«Certains d'entre vous ce sont demandés pourquoi ? Pourquoi nous avons mis un tel acharnement, une telle union pour arriver avec cette véhémence à vous convaincre à nous suivre. Et vous nous avez suivis parce qu'il y a un mot que nous ne voulons plus : C.A.N.C.E.R. Six lettres. Un mot épouvantable que nous voulons remplacer par un autre mot : E.S.P.O.I.R, six lettres. Il faut que l'espoir remplace ce mot et qu'il soit rayé de la langue française. Non seulement de la langue française mais de tous les pays…" C'est avec cette déclaration solennelle que Pierre Sabbagh, le célèbre animateur de télé, s'apprête en 1968 à dresser le bilan des quatre journées exceptionnelles de générosité que viennent de vivre les Français.
«L'Opération espoir", lancée par la Ligue contre le cancer est exceptionnelle à plus d'un titre. Avec quatre jours de programmes ininterrompus, l'objectif était de collecter suffisamment de fonds sur tout le territoire français pour financer l'embauche de 700 chercheurs en cancérologie. Pour cela, il fallait vendre le plus de messages d'espoir possible. Des messages symboliques, échangés contre une modique somme d'argent. La mobilisation se déroula du 15 au 18 décembre.
L'originalité de cette quête à échelle nationale a été sa couverture médiatique, à la fois télé et radio. Les antennes du secteur public ou privé ont été associées à cette opération caritative en fournissant des moyens humains et techniques, et du temps d'antenne pour la diffusion de ce challenge.
Des célébrités artistiques et sportives, transformées en VRP, ont été envoyées à travers le pays pour vendre les messages de l'espoir.
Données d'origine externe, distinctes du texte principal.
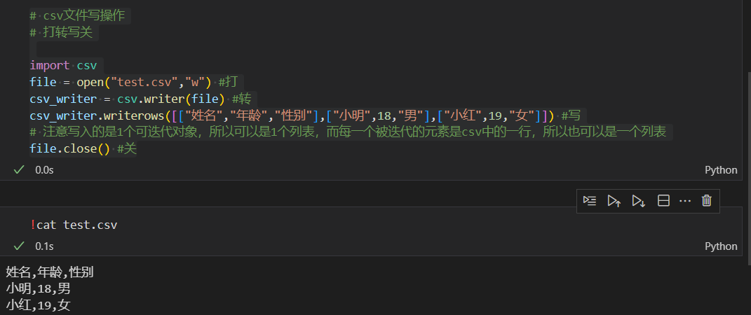 同样的,我们写单个字符用writerow,假如是写入一个可迭代对象就writerows
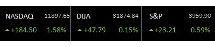 NASDAQ-Adv: 3,460 Dec: 963 NYSE-Adv: 3,387 Dec: 763 (Source: Nasdaq)
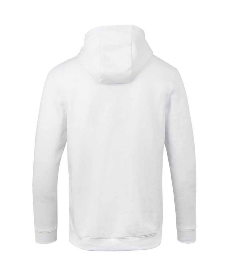 A spacious kangaroo pocket on the front adds a sporty touch and offers convenient hand-warming or storage space. The reinforced herringbone neck tape adds structure to the collar area and enhances comfort throughout the day.
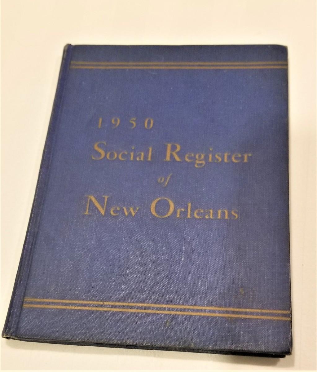 1950 New Orleans Social Register, hardcover, 127 pages. Names, addresses, and club affiliations of the New Orleans "society set" in 1950. List of clubs in the front that were considered "social" at the time. The book has a bit of foxing on the front few pages, but doesn't not affect content. Rather scarce, as they were never sold to the general public.
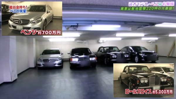 また、高層ビルの地下駐車場のようだと形容される車庫には、ロールスロイス(約5,000万円)など高級車が4台も所有されているとのことです。
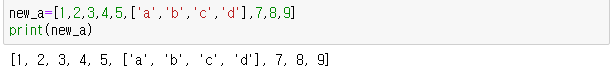 - 리스트를 생성할 때에는 [ ] 기호를 사용
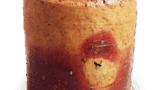 口部に手をさし渡した四方釣瓶形の水指だが、手を口辺の四分六分の間で渡すという好みはやはり江戸時代初期のものと思われます。全面に塗土をして焼成していますが、灰が激しく降った見込に赤い抜けが一つくっきりとあらわれて、味わいを深めています。また、底裏に大きくまるい置跡が残っています。箱の蓋表に「つるべ 古備前 水差 小出大隅殿ヨリ来」と書付されています。
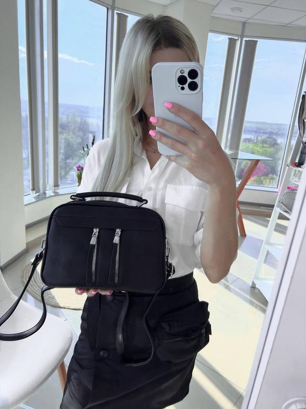 Код 2210 В наявності , дуже зручна модель ! Два окремі відділа ! Зовні три кишені , всередині є кишені ! Є коротка ручка та плечовий ремінь . Розмір 25*18 см
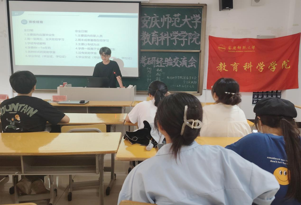 于J106举办考研经验交流会。活动由学生会学习实践部干事李艳飞主持,刘晓艳、汤德红、吴与格,丁子芮等考研录取学生担任主讲,98色花堂

Par bus, mais plus original, par avion ! C'est l'escadrille RTL qui a été chargée de les acheminer dans les principales grandes villes.
Quatre jours durant, des duplexes se sont enchaînés sans relâche. Les stars appelant les Français à plus de générosité se succèdaient à l'antenne. Certains intervenaient de loin, à l'image de Sammy Davis Jr. qui s'exprimait depuis Las Vegas. Il rappelait que le cancer atteint toutes les personnes sans discrimination et que tous devaient contribuer à faire avancer la recherche contre ce fléau.
En plateau à Paris, chaque chercheur financé était symbolisé par des ampoules qui s'allumaient sur un grand panneau.
Comme pour le Téléthon aujourd'hui, les programmes étaient ponctués de prestations d'artistes célèbres venus apporter leur soutien en musique, en chanson ou en déclaration à la ligue. Jacques Brel qui jouait alors au théâtre adressait ainsi quelques mots aux téléspectateurs.
Après quatre jours de mobilisation, le pari était gagné et toutes les ampoules du panneau étaient illuminées.
L'opération dépassera même toutes les espérances puisque les fonds promis sont suffisants pour financer 750 chercheurs ! Le professeur Lacassagne, responsable de la ligue, un peu débordé par ce succès inespéré, annonçait qu'il sera difficile de trouver un tel nombre de chercheurs en France mais que tous les dons seraient bien utilisés pour financer la recherche et la prévention du cancer.